__Exercise goal__
Scan the material below for the word "NEXTGAER", then copy every line in which it appears.

__Records supplied__
········

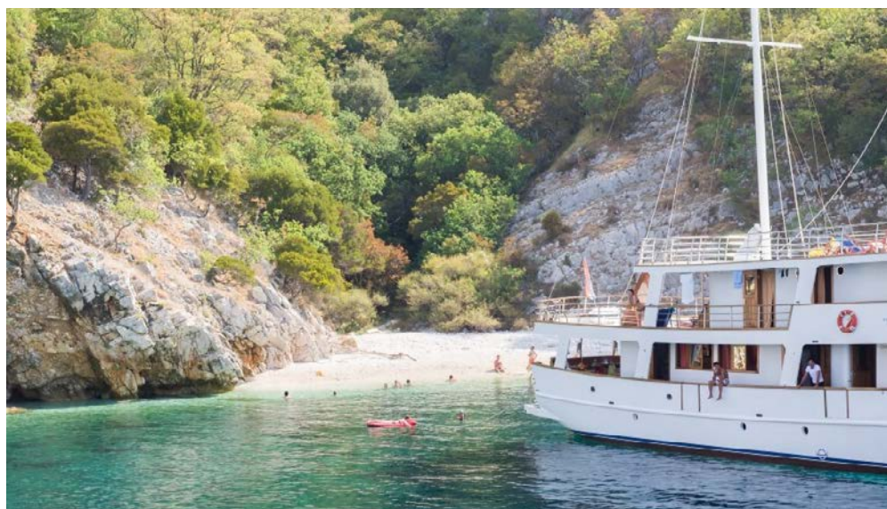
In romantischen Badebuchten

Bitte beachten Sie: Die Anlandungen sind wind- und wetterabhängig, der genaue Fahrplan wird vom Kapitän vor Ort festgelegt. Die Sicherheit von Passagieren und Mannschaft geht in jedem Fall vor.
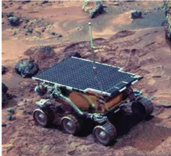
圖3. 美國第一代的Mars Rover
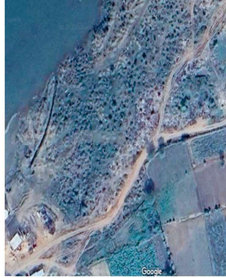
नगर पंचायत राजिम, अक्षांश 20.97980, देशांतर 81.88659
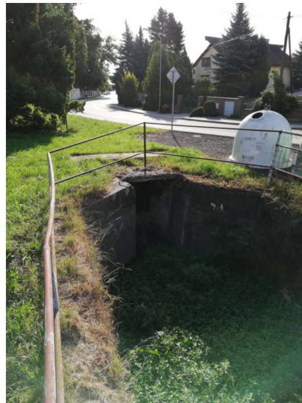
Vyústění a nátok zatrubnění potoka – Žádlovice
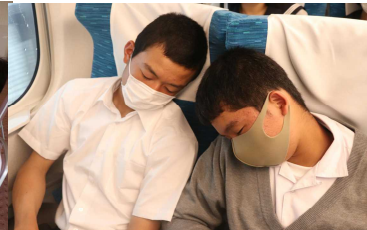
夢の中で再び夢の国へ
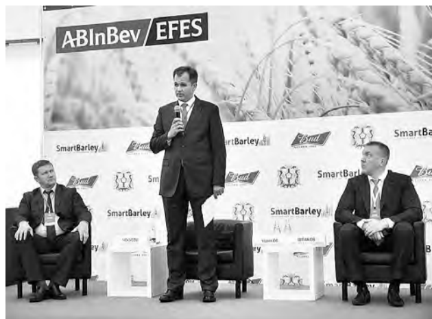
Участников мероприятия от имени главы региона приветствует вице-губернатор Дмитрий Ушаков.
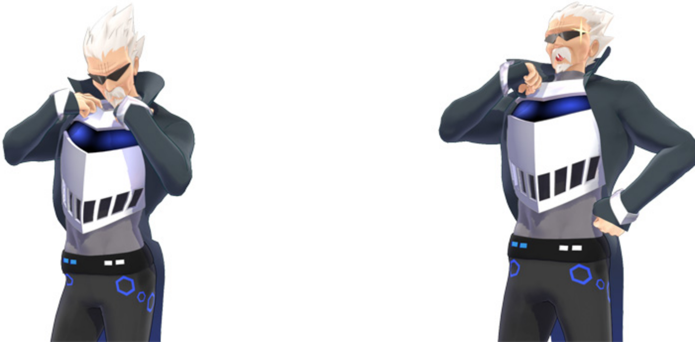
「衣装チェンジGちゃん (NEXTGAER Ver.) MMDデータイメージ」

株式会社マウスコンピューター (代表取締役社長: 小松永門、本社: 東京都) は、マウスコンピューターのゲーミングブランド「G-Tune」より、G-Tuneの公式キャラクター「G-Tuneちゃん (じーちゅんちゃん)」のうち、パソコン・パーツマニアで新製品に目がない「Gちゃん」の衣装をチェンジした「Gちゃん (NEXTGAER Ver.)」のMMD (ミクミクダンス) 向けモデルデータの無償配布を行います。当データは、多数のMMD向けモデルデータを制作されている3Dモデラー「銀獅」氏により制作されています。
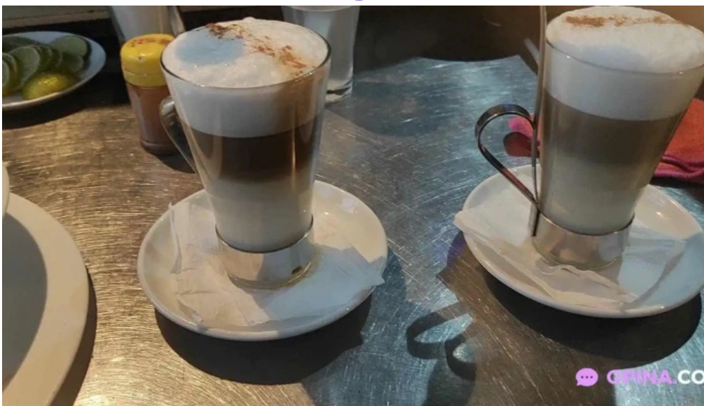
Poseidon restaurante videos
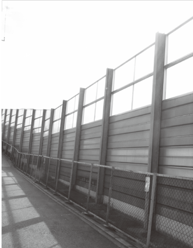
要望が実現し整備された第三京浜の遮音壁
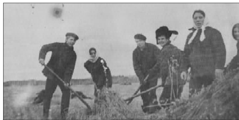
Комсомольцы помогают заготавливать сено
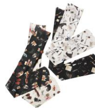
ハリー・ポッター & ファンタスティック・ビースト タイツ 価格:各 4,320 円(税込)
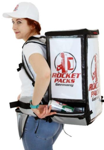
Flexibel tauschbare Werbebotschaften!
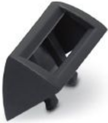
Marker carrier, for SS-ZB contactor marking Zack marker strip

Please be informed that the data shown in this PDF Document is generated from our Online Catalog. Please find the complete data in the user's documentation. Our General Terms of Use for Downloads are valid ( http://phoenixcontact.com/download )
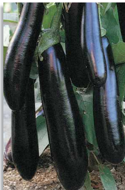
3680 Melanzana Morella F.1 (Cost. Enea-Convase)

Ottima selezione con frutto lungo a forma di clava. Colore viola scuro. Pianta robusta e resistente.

········

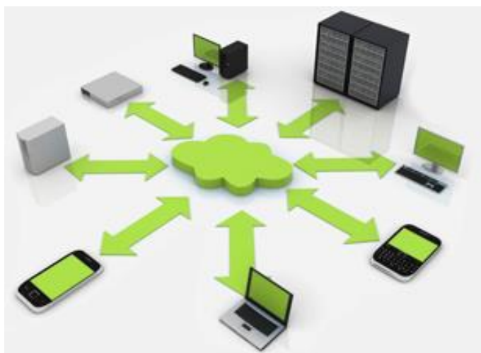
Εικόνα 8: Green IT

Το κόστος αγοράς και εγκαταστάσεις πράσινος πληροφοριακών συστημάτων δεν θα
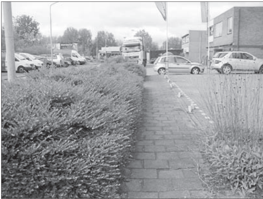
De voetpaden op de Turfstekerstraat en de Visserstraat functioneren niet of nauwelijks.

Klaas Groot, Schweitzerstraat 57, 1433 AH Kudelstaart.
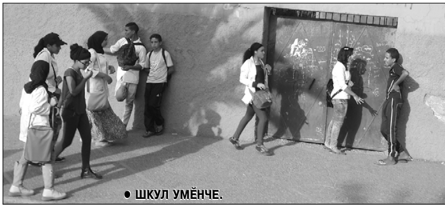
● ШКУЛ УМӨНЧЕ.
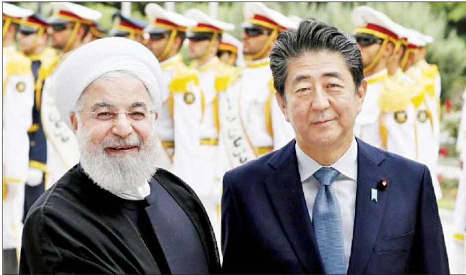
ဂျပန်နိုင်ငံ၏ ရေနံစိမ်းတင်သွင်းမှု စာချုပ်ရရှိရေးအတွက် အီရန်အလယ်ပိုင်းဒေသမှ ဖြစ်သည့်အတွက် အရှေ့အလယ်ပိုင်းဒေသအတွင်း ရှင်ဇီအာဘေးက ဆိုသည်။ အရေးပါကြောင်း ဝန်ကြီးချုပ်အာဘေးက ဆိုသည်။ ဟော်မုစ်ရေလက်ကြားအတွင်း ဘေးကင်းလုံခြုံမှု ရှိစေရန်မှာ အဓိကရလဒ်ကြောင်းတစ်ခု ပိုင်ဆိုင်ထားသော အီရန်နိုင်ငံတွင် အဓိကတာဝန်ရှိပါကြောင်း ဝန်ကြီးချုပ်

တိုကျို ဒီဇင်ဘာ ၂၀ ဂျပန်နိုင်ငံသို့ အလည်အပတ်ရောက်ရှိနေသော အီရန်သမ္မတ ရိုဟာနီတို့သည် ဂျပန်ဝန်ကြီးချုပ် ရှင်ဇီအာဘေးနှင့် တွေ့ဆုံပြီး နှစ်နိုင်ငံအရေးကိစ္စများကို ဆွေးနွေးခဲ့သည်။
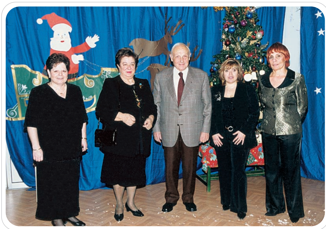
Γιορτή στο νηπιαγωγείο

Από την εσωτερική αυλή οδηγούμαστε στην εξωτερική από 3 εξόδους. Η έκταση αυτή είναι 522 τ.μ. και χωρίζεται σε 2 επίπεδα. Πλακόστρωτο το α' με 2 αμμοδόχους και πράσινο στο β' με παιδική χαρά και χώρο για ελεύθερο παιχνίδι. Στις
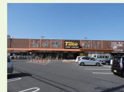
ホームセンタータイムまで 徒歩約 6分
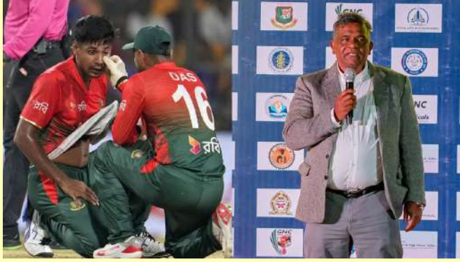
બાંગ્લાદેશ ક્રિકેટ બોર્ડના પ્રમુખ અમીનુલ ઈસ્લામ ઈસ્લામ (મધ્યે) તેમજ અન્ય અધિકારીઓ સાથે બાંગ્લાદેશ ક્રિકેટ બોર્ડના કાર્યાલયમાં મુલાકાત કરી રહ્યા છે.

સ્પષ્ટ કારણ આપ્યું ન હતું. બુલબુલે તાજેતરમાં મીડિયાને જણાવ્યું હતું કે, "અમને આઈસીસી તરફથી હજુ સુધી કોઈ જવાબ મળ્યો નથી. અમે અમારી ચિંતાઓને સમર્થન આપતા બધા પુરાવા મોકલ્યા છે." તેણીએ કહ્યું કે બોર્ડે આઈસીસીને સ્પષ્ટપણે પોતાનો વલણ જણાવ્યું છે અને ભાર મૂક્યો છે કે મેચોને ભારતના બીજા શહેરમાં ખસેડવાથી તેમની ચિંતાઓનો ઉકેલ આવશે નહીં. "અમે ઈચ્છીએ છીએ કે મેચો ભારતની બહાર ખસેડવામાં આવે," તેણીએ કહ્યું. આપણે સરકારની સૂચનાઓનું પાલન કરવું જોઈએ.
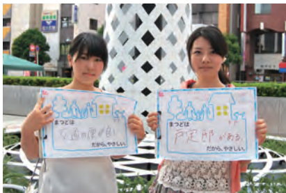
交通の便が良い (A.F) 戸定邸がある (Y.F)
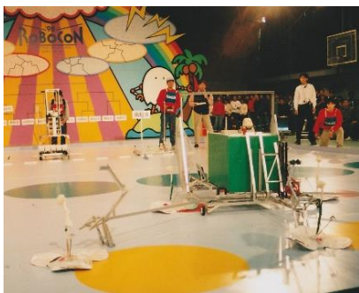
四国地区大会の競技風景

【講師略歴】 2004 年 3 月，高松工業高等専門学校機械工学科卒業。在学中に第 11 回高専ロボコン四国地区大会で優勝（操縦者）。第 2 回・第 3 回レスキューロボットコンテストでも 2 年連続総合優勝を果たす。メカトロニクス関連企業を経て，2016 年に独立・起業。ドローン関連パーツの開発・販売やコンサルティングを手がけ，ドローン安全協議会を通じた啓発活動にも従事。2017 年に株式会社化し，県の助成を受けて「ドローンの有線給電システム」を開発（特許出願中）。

········

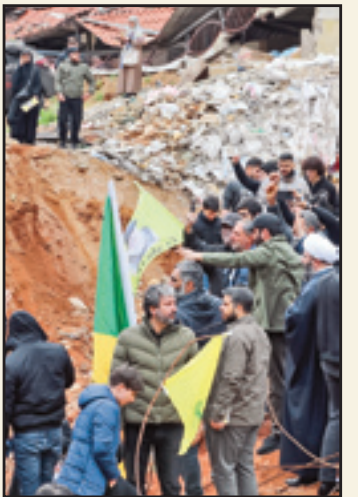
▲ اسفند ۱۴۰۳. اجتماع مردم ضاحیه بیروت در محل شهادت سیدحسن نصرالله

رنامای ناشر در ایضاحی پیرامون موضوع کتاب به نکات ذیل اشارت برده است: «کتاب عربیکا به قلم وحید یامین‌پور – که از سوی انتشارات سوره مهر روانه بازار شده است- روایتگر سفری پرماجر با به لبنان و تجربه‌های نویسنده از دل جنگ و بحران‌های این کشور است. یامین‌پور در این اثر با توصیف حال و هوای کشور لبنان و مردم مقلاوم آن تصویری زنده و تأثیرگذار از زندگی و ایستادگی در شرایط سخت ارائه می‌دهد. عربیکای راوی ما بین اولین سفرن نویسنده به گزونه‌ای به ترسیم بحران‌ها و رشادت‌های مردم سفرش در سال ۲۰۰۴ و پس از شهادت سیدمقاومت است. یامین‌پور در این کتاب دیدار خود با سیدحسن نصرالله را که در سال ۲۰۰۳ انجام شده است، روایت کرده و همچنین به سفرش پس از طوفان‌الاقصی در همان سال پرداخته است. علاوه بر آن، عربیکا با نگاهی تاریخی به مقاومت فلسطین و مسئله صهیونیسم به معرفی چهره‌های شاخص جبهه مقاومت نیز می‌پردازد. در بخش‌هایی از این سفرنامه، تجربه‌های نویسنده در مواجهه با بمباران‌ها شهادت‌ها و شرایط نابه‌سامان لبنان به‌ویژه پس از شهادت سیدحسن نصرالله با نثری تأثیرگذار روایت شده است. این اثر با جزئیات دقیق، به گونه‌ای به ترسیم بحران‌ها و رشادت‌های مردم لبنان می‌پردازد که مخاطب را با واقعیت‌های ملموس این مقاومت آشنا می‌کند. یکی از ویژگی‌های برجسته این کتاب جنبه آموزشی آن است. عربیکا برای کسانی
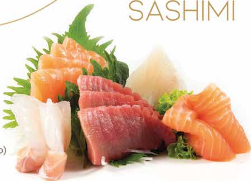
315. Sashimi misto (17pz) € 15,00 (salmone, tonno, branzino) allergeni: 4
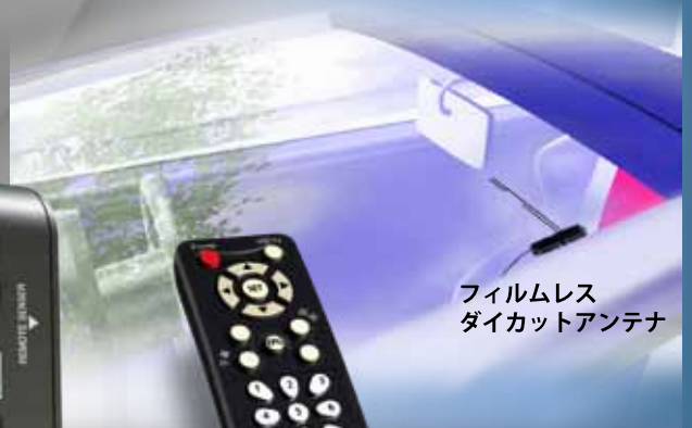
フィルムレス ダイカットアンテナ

········

__Problem solution__
「衣装チェンジGちゃん (NEXTGAER Ver.) MMDデータイメージ」
株式会社マウスコンピューター (代表取締役社長: 小松永門、本社: 東京都) は、マウスコンピューターのゲーミングブランド「G-Tune」より、G-Tuneの公式キャラクター「G-Tuneちゃん (じーちゅんちゃん)」のうち、パソコン・パーツマニアで新製品に目がない「Gちゃん」の衣装をチェンジした「Gちゃん (NEXTGAER Ver.)」のMMD (ミクミクダンス) 向けモデルデータの無償配布を行います。当データは、多数のMMD向けモデルデータを制作されている3Dモデラー「銀獅」氏により制作されています。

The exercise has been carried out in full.